*Information shown*.

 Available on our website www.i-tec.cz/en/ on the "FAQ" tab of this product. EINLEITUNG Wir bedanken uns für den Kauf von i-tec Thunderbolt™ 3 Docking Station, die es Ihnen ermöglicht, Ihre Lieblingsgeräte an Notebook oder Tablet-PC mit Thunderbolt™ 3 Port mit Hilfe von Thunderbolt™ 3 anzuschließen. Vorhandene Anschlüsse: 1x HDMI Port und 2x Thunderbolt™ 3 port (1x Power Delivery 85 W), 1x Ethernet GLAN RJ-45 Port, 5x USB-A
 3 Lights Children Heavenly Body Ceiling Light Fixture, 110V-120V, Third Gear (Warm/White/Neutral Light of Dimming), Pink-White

==

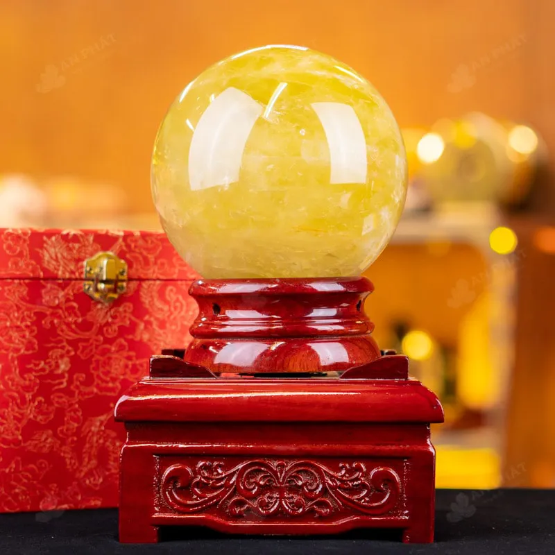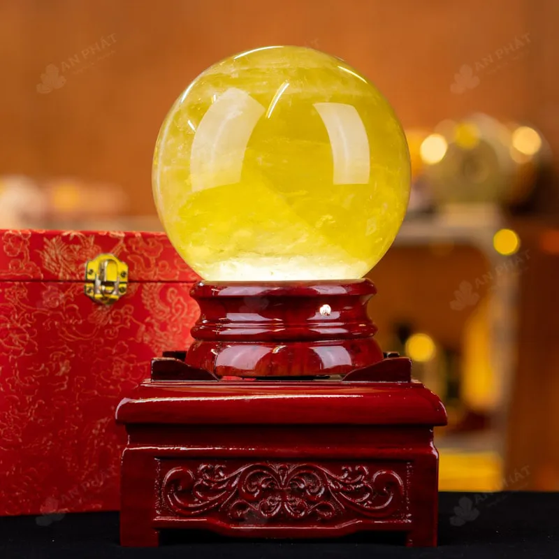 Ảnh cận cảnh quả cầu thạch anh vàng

*Task statement*.
Retype only the lines above between the line with "Available on our" and the line with "3 Lights Children", counting those two lines as well, and keep every character as it is.

*Exercise output*.
 Available on our website www.i-tec.cz/en/ on the "FAQ" tab of this product. EINLEITUNG Wir bedanken uns für den Kauf von i-tec Thunderbolt™ 3 Docking Station, die es Ihnen ermöglicht, Ihre Lieblingsgeräte an Notebook oder Tablet-PC mit Thunderbolt™ 3 Port mit Hilfe von Thunderbolt™ 3 anzuschließen. Vorhandene Anschlüsse: 1x HDMI Port und 2x Thunderbolt™ 3 port (1x Power Delivery 85 W), 1x Ethernet GLAN RJ-45 Port, 5x USB-A
 3 Lights Children Heavenly Body Ceiling Light Fixture, 110V-120V, Third Gear (Warm/White/Neutral Light of Dimming), Pink-White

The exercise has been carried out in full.